- Task: When you return the material, keep every line exactly as it is and omit the pictures.

──────────────────────────────

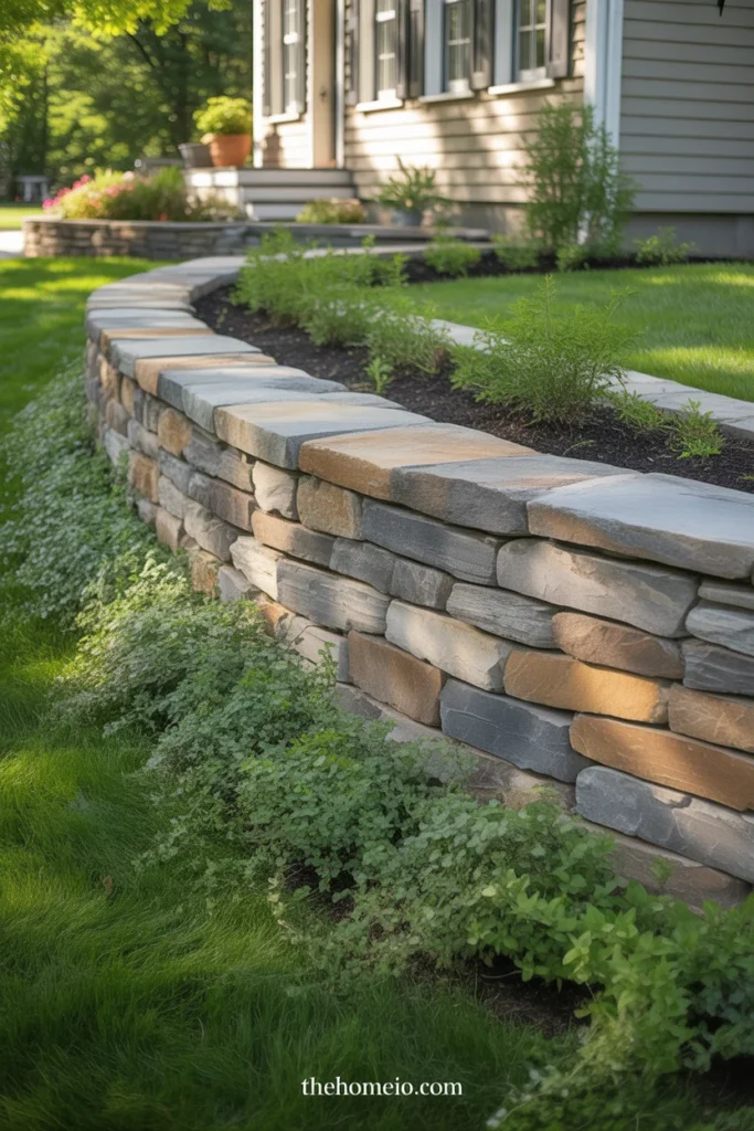Use locally sourced fieldstone or flagstone for the most natural look and the lowest cost since shipping heavy stone long distances adds up fast. Stack the stones dry, without mortar, for a traditional look that also allows for easy adjustment over time. Plant low ground covers or trailing perennials right at the base of the wall so the plants soften the edge and the whole thing feels settled and established.
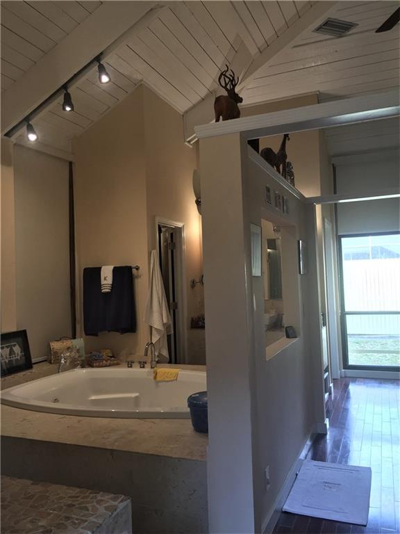 Move in ready 3500sqft courtyard home boasts high volume cedar ceilings, open flr plan perfect for entertaining w upgraded kitchen:dbl oven, counter depth fridge, touch stove top, granite, storage & oasis view. Garage:hurricane door w/ample storage & used as bonus room.Oversized mstr bdrm w hardwood floors, open bathrm jacuzzi tub, lg shower, 2 walk in closets. 3 equal sized bdrms. Atrium areas for reading nooks, meditation, gardens or expanding the living space.Mango tree.Corner lot w parking for 5 cars
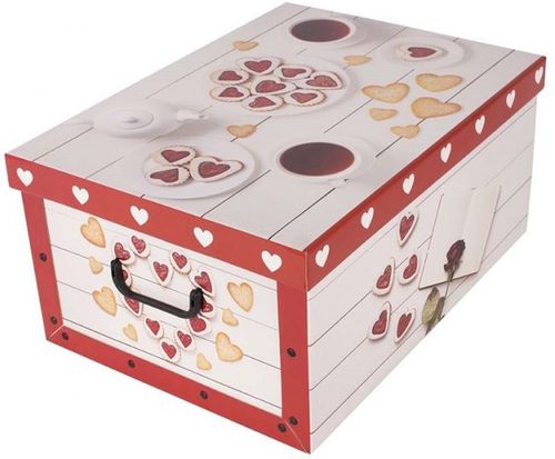 Ozdobne pudełko kartonowe z pokrywą do przechowywania. Praktyczne, funkcjonalne, zaprojektowane z dbałością o najdrobniejsze szczegóły. Wykonane z wysokiej jakości, wytrzymałego, kaszerowanego kartonu z połyskiem. Ścianki boczne spięte plastikowymi nitami. Solidne uchwyty z PCV ułatwiają przenoszenie. Produkt zaprojektowany tak, aby maksymalnie ułatwiać montaż, a jednocześnie gwarantuje najwyższą estetykę wykonania.
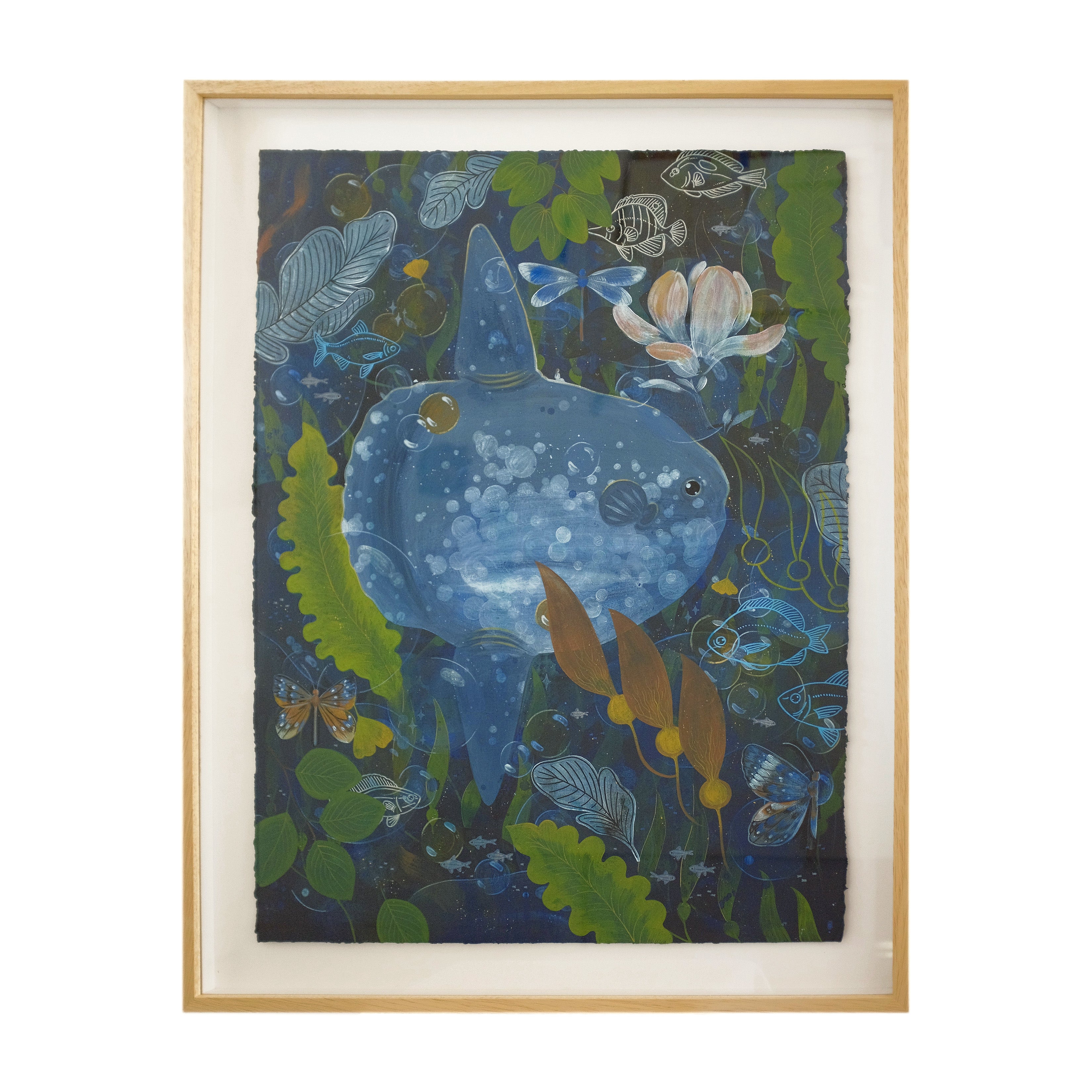 Painting of a large blue sunfish on dark blue background with various ocean themed drawings around it like a collage. Elements include: fish, bubbles, kelp and sea greenery. Piece is in a thin wooden frame.
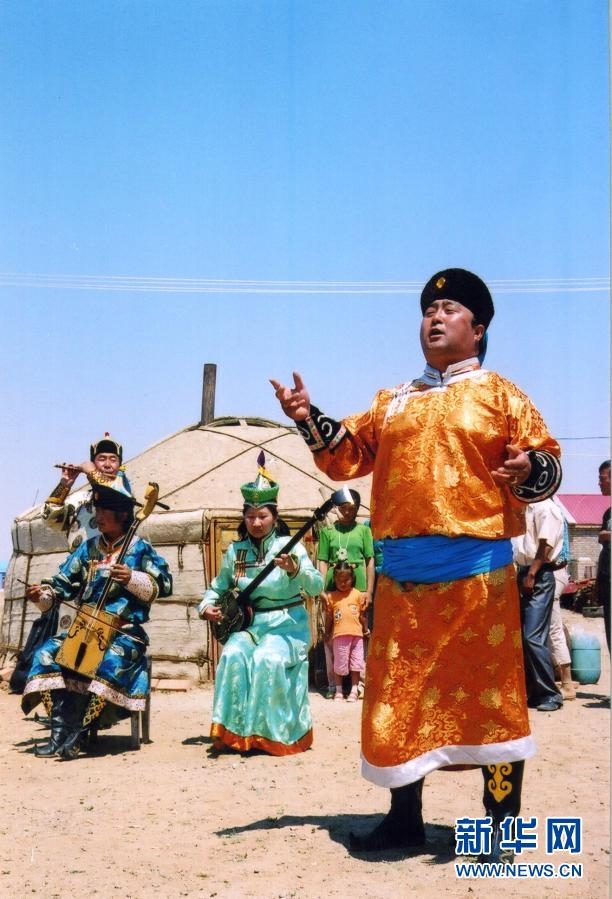 錫林郭勒盟烏蘭牧騎隊員在草原上為牧民演出(資料照片)。新華社發(fā)
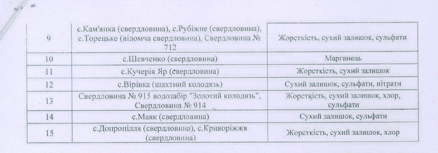 | 90 % | Сухий залишок, залізо, нітрати, жорсткість, забарвлення | Донецька | Волноваський район |
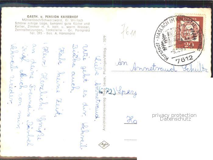 41976914 alte Postkarte Muehlenbach Baden Gasthaus Pension Kaiserhof Gastraeume postalisch gelaufen Erhaltung siehe scans KatCode: 11110008317078

──────────────────────────────

- Reply to the task:
Use locally sourced fieldstone or flagstone for the most natural look and the lowest cost since shipping heavy stone long distances adds up fast. Stack the stones dry, without mortar, for a traditional look that also allows for easy adjustment over time. Plant low ground covers or trailing perennials right at the base of the wall so the plants soften the edge and the whole thing feels settled and established.
 Move in ready 3500sqft courtyard home boasts high volume cedar ceilings, open flr plan perfect for entertaining w upgraded kitchen:dbl oven, counter depth fridge, touch stove top, granite, storage & oasis view. Garage:hurricane door w/ample storage & used as bonus room.Oversized mstr bdrm w hardwood floors, open bathrm jacuzzi tub, lg shower, 2 walk in closets. 3 equal sized bdrms. Atrium areas for reading nooks, meditation, gardens or expanding the living space.Mango tree.Corner lot w parking for 5 cars
 Ozdobne pudełko kartonowe z pokrywą do przechowywania. Praktyczne, funkcjonalne, zaprojektowane z dbałością o najdrobniejsze szczegóły. Wykonane z wysokiej jakości, wytrzymałego, kaszerowanego kartonu z połyskiem. Ścianki boczne spięte plastikowymi nitami. Solidne uchwyty z PCV ułatwiają przenoszenie. Produkt zaprojektowany tak, aby maksymalnie ułatwiać montaż, a jednocześnie gwarantuje najwyższą estetykę wykonania.
 Painting of a large blue sunfish on dark blue background with various ocean themed drawings around it like a collage. Elements include: fish, bubbles, kelp and sea greenery. Piece is in a thin wooden frame.
 錫林郭勒盟烏蘭牧騎隊員在草原上為牧民演出(資料照片)。新華社發(fā)
 | 90 % | Сухий залишок, залізо, нітрати, жорсткість, забарвлення | Донецька | Волноваський район |
 41976914 alte Postkarte Muehlenbach Baden Gasthaus Pension Kaiserhof Gastraeume postalisch gelaufen Erhaltung siehe scans KatCode: 11110008317078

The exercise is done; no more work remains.